#include <sys/capability.h>
cap_iab_t cap_iab_init(void);
cap_iab_t cap_iab_dup(cap_iab_t iab);
cap_iab_t cap_iab_get_proc(void);
cap_iab_t cap_iab_get_pid(pid_t pid);
int cap_iab_set_proc(cap_iab_t iab);
char *cap_iab_to_text(cap_iab_t iab);
cap_iab_t cap_iab_from_text(const char *text);
cap_flag_value_t cap_iab_get_vector(cap_iab_t iab, cap_iab_vector_t vec,
cap_value_t val);
int cap_iab_compare(cap_iab_t a, cap_iab_t b);
int cap_iab_set_vector(cap_iab_t iab, cap_iab_vector_t vec, cap_value_t val,
cap_flag_value_t enable);
int cap_iab_fill(cap_iab_t iab, cap_iab_vector_t vec,
cap_t set, cap_flag_t flag);
Link with
-lcap.
The functions defined in this man page concern the three naively inheritable
process capability vectors: Inh, Amb and Bound. This
IAB 3-tuple of
capability vectors, captured in type
cap_iab_t combine to pass
capabilities from one process to another through
execve(2) system
calls. The convolution rules using the IAB tuple are a fail over set of rules
when the executed file has no configured
file-capabilities.
There are some constraints enforced by the kernel with respect to the three
components of an IAB tuple and the Permitted process capability flag. They
are: the Inh vector is entirely equal to the process Inheritable flag at all
times; the Amb vector contains no more capability values than the intersection
of the Inh vector and the Permitted flag for the process; and the Bound (or
blocked) vector is the twos-complement of the process bounding vector.
In some environments, it is considered desirable to
naively inherit
capabilities. That is pass capabilities, independent of the status of the
executed binary, from parent to child through
exec* system calls. The
surviving capabilities become the Permitted flag for the post-exec process.
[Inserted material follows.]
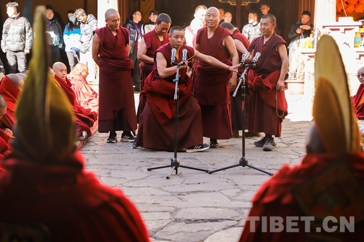 圖為西藏自治區(qū) 2024年度藏傳佛教學(xué)經(jīng)僧人考核晉升格西拉讓巴學(xué)位立宗答辯暨頒證儀式現(xiàn)場(chǎng) 攝影:賈華加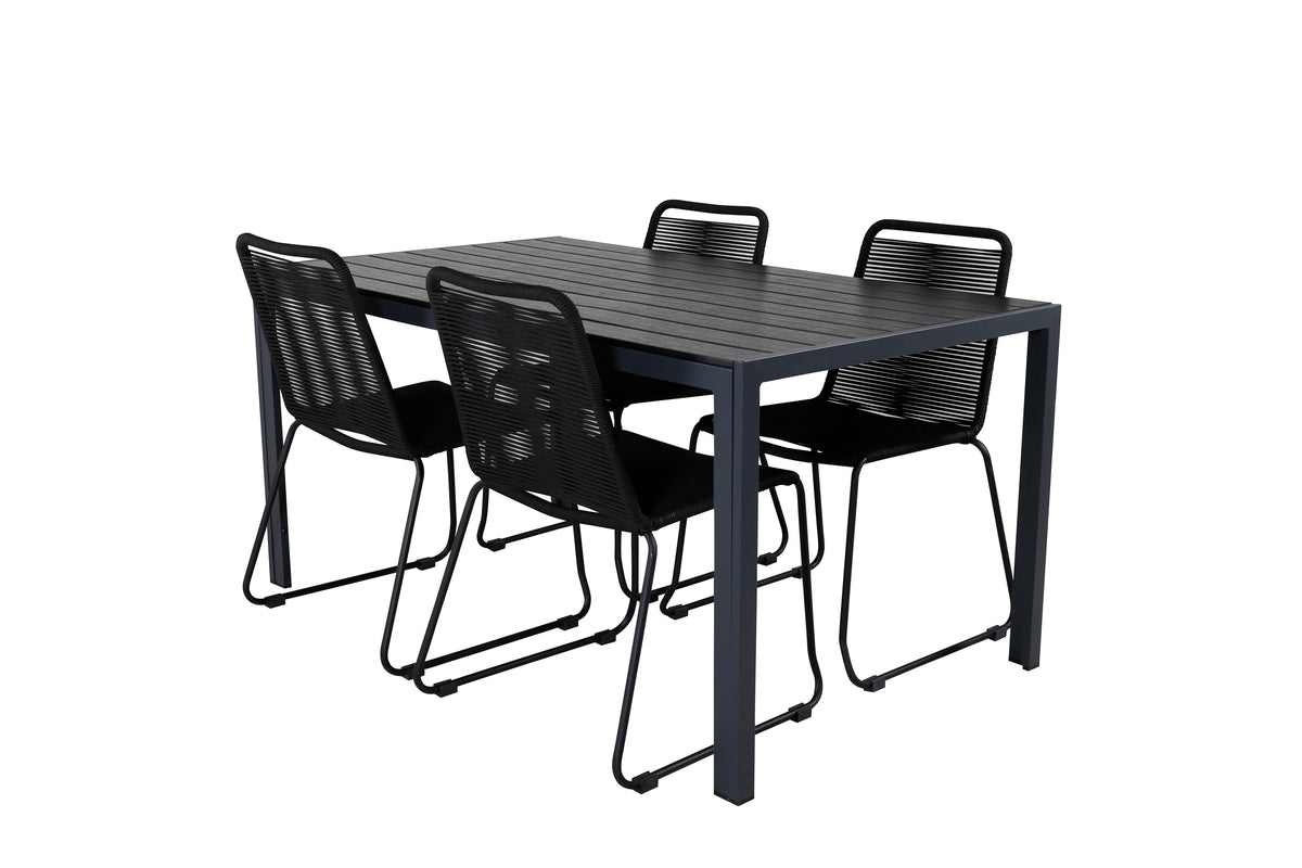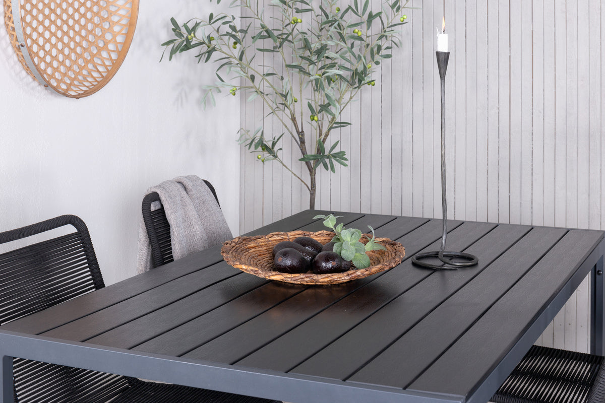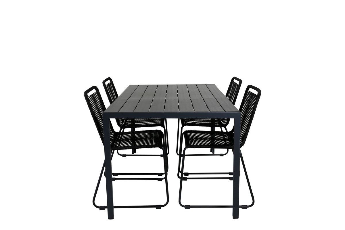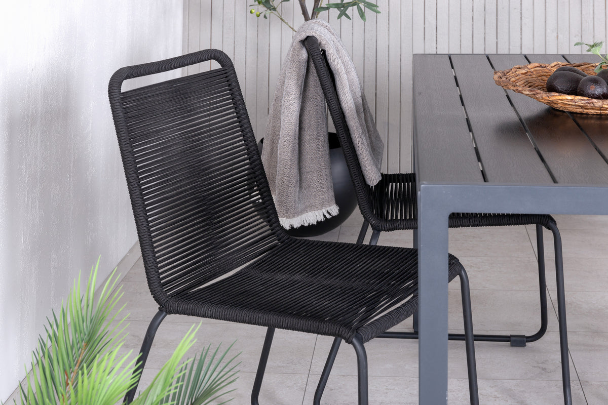 Skab en stilren atmosfære i udestuen med en iøjnefaldende spisegruppe i moderne ånd! Vores populære spisestole Lindos sætter virkelig tonen med deres minimalistiske design. Stolene er stabelbare for praktisk opbevaring og fremstillet i en smal, sort aluminiumskonstruktion med et sæde i sort vævet reb. Her sammen med vores rektangulære spisebord Break i lige nordisk form. Bordpladen er i sort krydsfiner og understellet i aluminium. Simpelthen en gennemtænkt spisegruppe, som du nemt skaber charmerende udendørsmiljøer med!

This method of inheritance differs significantly from the handshake
inheritance between a pre-exec* process and a file-capability bestowed
executable of the traditional (POSIX.1e) capability mechanism.
The convolution rules for IAB style inheritance are: I'=I; A'=A&I;
P'=A&I&P. Where P etc are the pre-exec values and P' etc are the
post-exec values.
With an understanding of these convolution rules, we can explain how
libcap(3) support for the IAB tuple is managed: the IAB API.
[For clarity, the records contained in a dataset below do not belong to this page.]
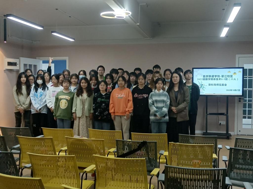 2022年10月27日星期四晚上7点,异科导师朱英老师与来自大数据与计算机科学学院2022级数字媒体技术8-9班的35位学生在綦河书院3号楼创客交流空间举行了第一次异科师生见面会。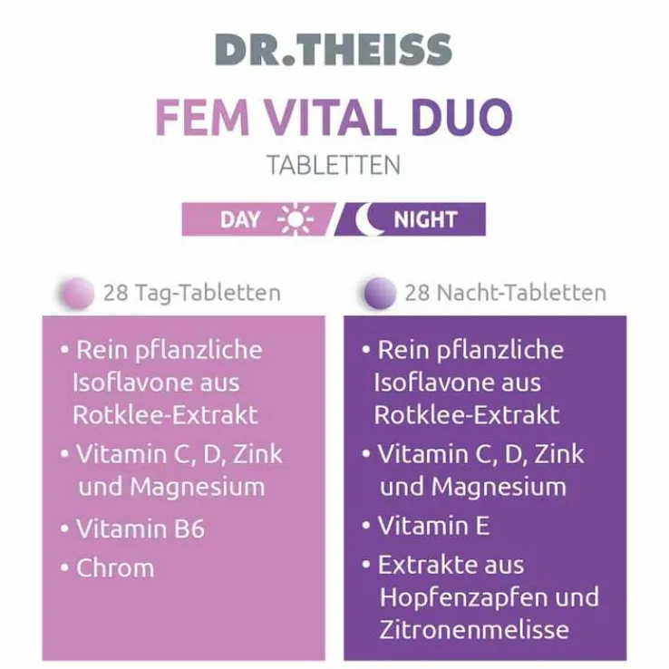 DR. THEISS Fem Vital Duo Tabletten für den Tag und für die Nacht kombinieren verschiedene Vitamine und Mineralstoffe, die den Körper unterstützen: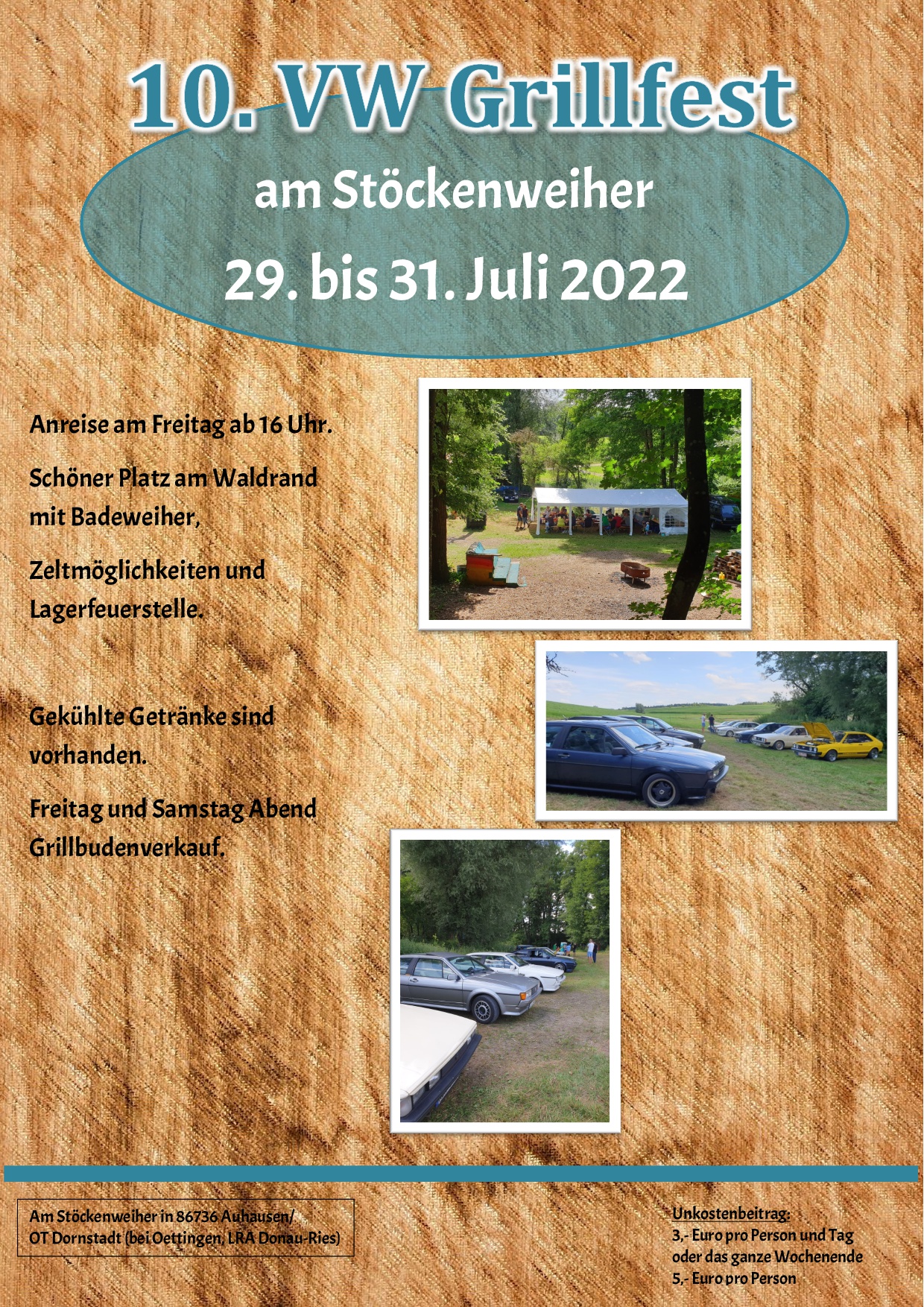 Wir veranstalten dieses Jahr unser 10. VW Grillfest am Stöckenweiher in 86736 Dornstadt.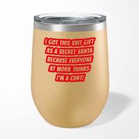 Secret Santa - Everyone Thinks I'm A Cunt Wine TumblerOur Secret Santa - Everyone Thinks I'm A Cunt 12oz tumbler is hand-printed with 'Secret Santa - Everyone Thinks I'm A Cunt' on both sides (front/back) of an insulated stainless steel wine tumbler and available in a variety of colours.Ideal for weekends away or relaxing in the garden, our 12oz Wine Tumbler promises to keep cold drinks cold and hot drinks hot for longer than standard drinkware. Made from premium grade, food-safe stainless steel with double-wall vacuum insulation. A fantastic rude tumbler, ideal for keeping your favourite tipple at the perfect temperature whatever the weather. High-grade stainless steel double-wall construction. Insulated for hot or cold liquids. Flat bottom design means less risk of accidental spillages. See through lid allows you to carry your beverage around without spilling. Drinking spout incorporated in to the lid. Please Note All of our items are hand-printed to order, as a result, colours may vary between prints - images are for illustration purposes only.

cap_iab_init() returns an empty IAB value. That is a
mostly-harmless tuple. It will not block any Permitted file
capabilities through exec, but it won't bestow any either. The returned
cap_iab_t should be freed with
cap_free(3).
cap_iab_dup() returns a copy of the specified IAB value. The returned
cap_iab_t should be freed with
cap_free(3).
cap_iab_get_proc() returns a copy of the IAB value for the current
process. The returned cap_iab_t should be freed with
cap_free(3).
cap_iab_get_pid() returns a copy of the IAB value for the specified
process. The returned cap_iab_t should be freed with
cap_free(3).
cap_iab_set_proc() can be used to set the IAB value carried by the
current process. Such a setting will fail if the process is insufficiently
capable. The process requires CAP_SETPCAP raised in the E flag and a superset
of P and I values over those in the A vectors.
cap_iab_to_text() will convert an IAB tuple to a canonical text
representation. The representation is slightly redundant but libcap will try
to generate as short a representation as it is able.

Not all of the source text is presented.